К 110-летию со дня рождения Залмана Шифрина
Юморист Ефим Шифрин концерты в Беларуси дает не часто. Но если уж приезжает, то не только выступает, но и посещает местные достопримечательности. Во всяком случае, во время одного из последних визитов в Синеокую он побывал в Брестской крепости, в Гродно совершил променад по пешеходной улице, погулял по Орше и заглянул в… городской поселок Дрибин. Если с первыми экскурсионными пунктами все понятно, то касательно последнего наверняка есть вопросы: ну зачем популярному артисту тратить время на глубинку? Обойти этот Дрибин вдоль и поперек можно за час, да и ничего выдающегося в нем не сыскать.
Но это на первый взгляд. Если же копнуть глубже, то выяснится, что в Дрибине – некогда еврейском местечке – скромная площадь не пропорциональна степени таланта его жителей. Например, поселок давно гремит традициями шаповальства. Однако Ефим Шифрин приезжал сюда вовсе не за валенками ручной работы, а чтобы отдать дань памяти семье. И в первую очередь отцу. Именно здесь 110 лет назад родился Залман Шифрин.
***
На Дрибинском еврейском кладбище сегодня можно найти лишь одну могилу, официально имеющую отношение к Шифриным: здесь похоронена некая Шифрина Ривка Мирьям, умершая в 1932 г. Наверняка родственница. Что косвенно подтверждают и воспоминания Залмана: “В местечке половина, а может быть и больше еврейских семей являлись Рабиновичами и Шифриными; почти все состояли в родстве между собой…” Тогда почему об этом не свидетельствуют надгробия? Оказывается, большая их часть – это камни-валуны с лаконичной эпитафией, где фамилии стерты временем или вовсе не указаны. Меж тем пуповина рода Шифриных – в Дрибине. Отсюда деды и прадеды Залмана.

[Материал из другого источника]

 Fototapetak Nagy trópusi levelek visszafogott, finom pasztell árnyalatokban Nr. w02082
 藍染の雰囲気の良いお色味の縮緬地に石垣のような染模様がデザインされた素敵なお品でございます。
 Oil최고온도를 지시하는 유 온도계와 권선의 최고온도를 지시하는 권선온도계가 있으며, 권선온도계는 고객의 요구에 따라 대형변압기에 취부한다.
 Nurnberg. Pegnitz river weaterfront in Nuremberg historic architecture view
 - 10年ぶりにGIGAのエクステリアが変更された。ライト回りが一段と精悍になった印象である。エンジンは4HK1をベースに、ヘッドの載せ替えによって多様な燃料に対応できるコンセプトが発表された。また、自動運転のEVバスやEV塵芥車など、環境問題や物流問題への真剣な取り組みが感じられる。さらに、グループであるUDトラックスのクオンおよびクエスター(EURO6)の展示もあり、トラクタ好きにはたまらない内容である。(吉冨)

Вот как он описывает свою малую родину тех лет: “Дрибин был захолустным местечком, чем-то средним между деревней и маленьким городом: не совсем деревня и не совсем город… Расположен был в красивом месте – среди лугов и лесов на берегу Прони. Мальчишками, бегая на реку купаться, мы часто смотрели, как по реке сплавляли лес. Окруженное лесами, лугами и полями, отдаленное от железной дороги на 60 верст, наше местечко жило по своим, издавна установившимся законам. 60% населения Дрибина составляли белорусы, русские и поляки, 40% – евреи. Все жители относились к сословию мещан… Дома в Дрибине были деревянными и строились обычно на деревянном фундаменте, крыши крылись гонтом – деревянными дощечками, с пазами, подогнанными друг к другу. Большинство домов, или хат, как их называли в Беларуси, имели палисадник, в котором росли разнообразные цветы, разве только у захудалого и ленивого хозяина можно было увидеть бурьян…”

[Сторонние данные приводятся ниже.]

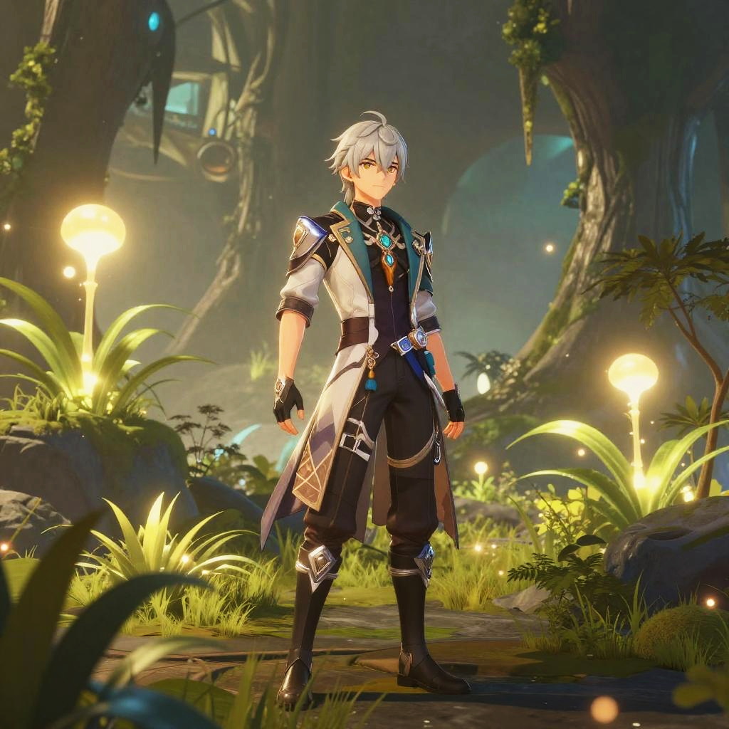 Honkai star rail male character exploring an alien world, dense glowing flora surrounding him, futuristic outfit with metallic textures, soft ambient light filtering through alien trees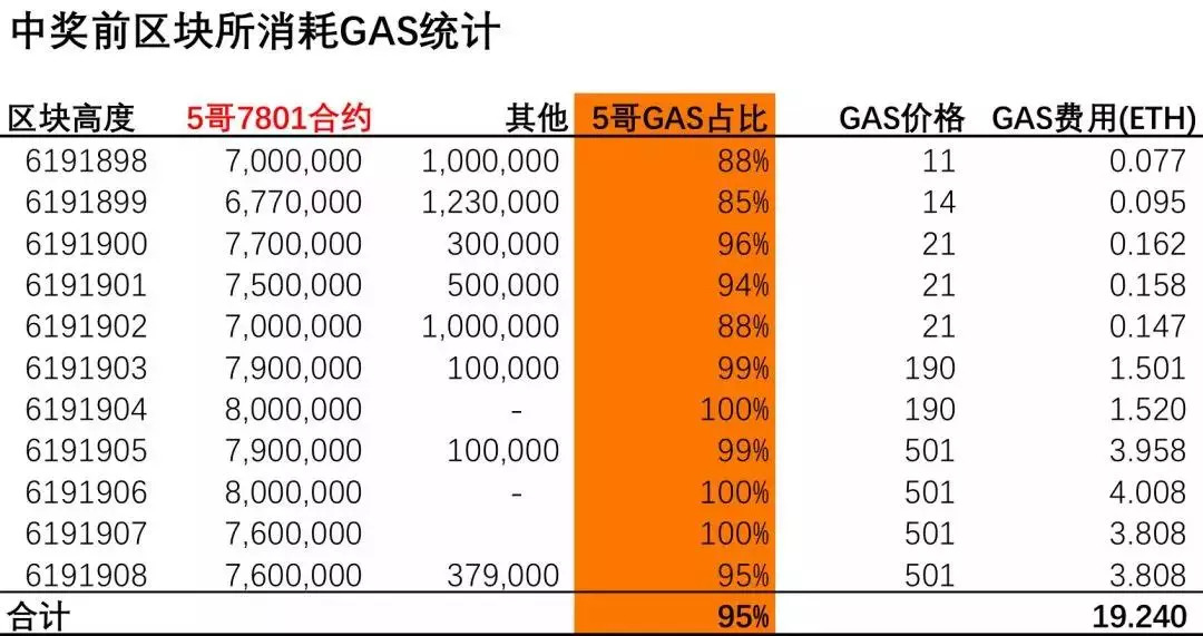 3、接着我们统计了在中奖前的12个区块里的GAS消耗。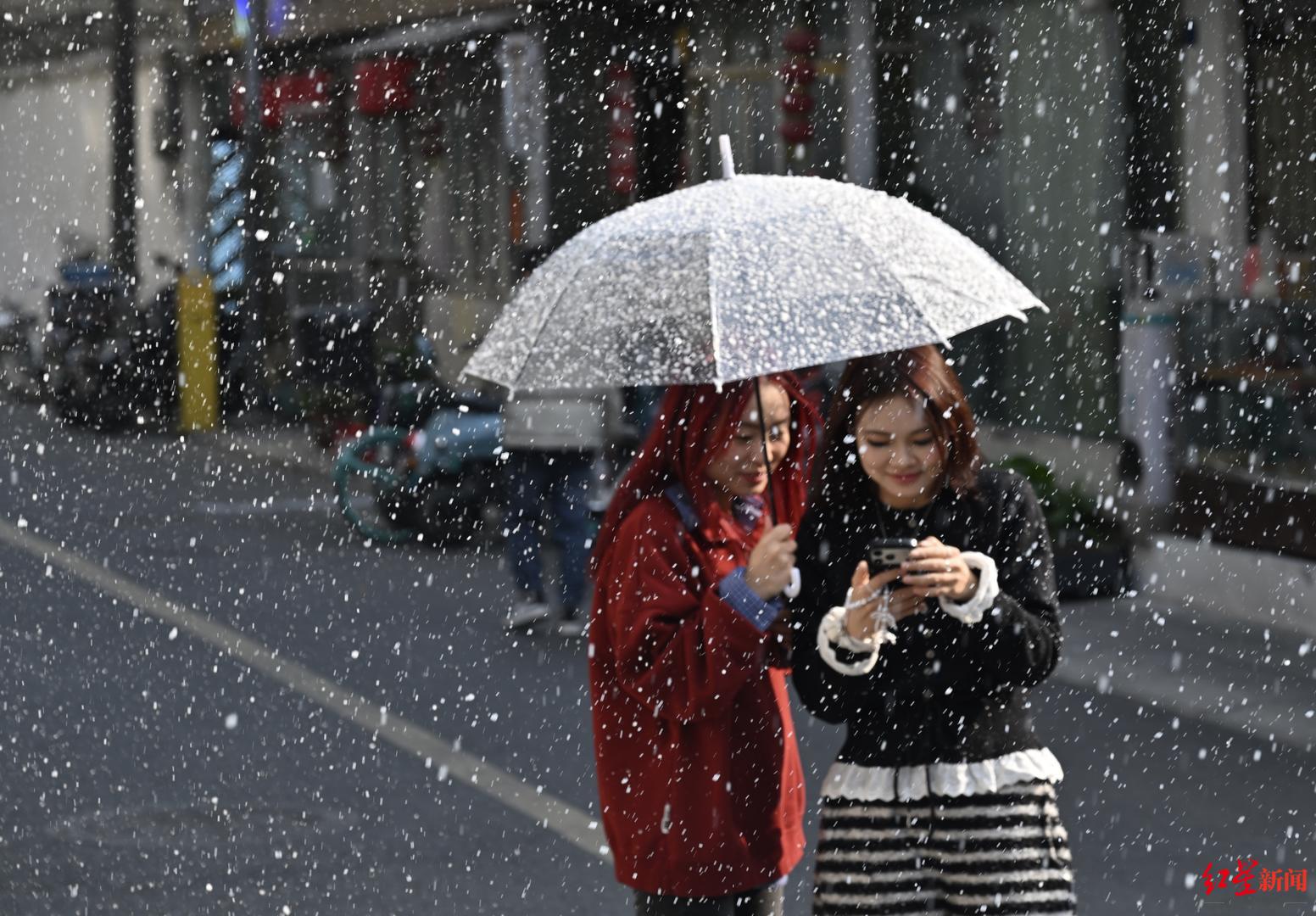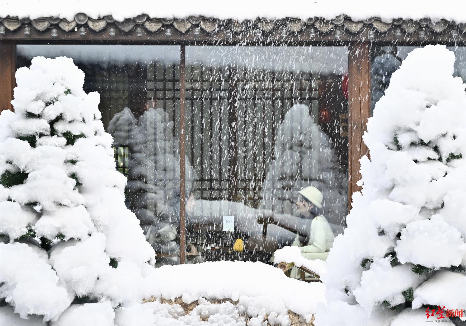 位于春熙路商圈的一家咖啡馆,“小雪”正在窗外缓缓飘下,这也吸引了不少顾客拍照打卡。

У дома Шифриных бурьян явно не водился – семья была трудолюбивой. Из поколения в поколение ее члены в холодную пору года занимались маслобойным производством (давили масло из семян конопли), летом – изготовлением безалкогольных напитков. Параллельно вели собственное хозяйство – имелся приличный огород, лошадь, корова, куры… Жить, в общем, можно. Да и рабочих рук хватало: мать Залмана, Чарни-Малка, родила восьмерых (две девочки умерли в раннем детстве).
Если бы Залман Шифрин появился на свет не в начале XX в., а, скажем, на полвека ранее, то, вероятно, занимался бы он родовым ремеслом и никуда из Дрибина не уезжал. Но настало время перемен. Свобода на поверку оказалась вовсе не свободой, а вседозволенностью: частную торговлю новая власть стремилась изничтожить на корню, был запрещен ряд кустарных промыслов, в том числе и маслобойный. Позднее табу наложили и на изготовление безалкогольных напитков. Как жили или скорее выживали Шифрины – вопрос. Понятно, что и планы отпрысков “нетрудового элемента” на достойное будущее были перечеркнуты. В получении образования старшему Залману повезло больше, чем сестре и братьям: помимо традиционного хедера и общеобразовательной школы он успел поучиться в ряде учебных заведений Витебска и Орши, в том числе с финансово-экономическим уклоном. Где-то успешно, где-то не очень: отчисляли из-за “доброжелателей”, которые не ленились строчить доносы на “сына нэпмана” и “лишенца”. Но настойчивый парень не опускал руки и упрямо шел к своей цели.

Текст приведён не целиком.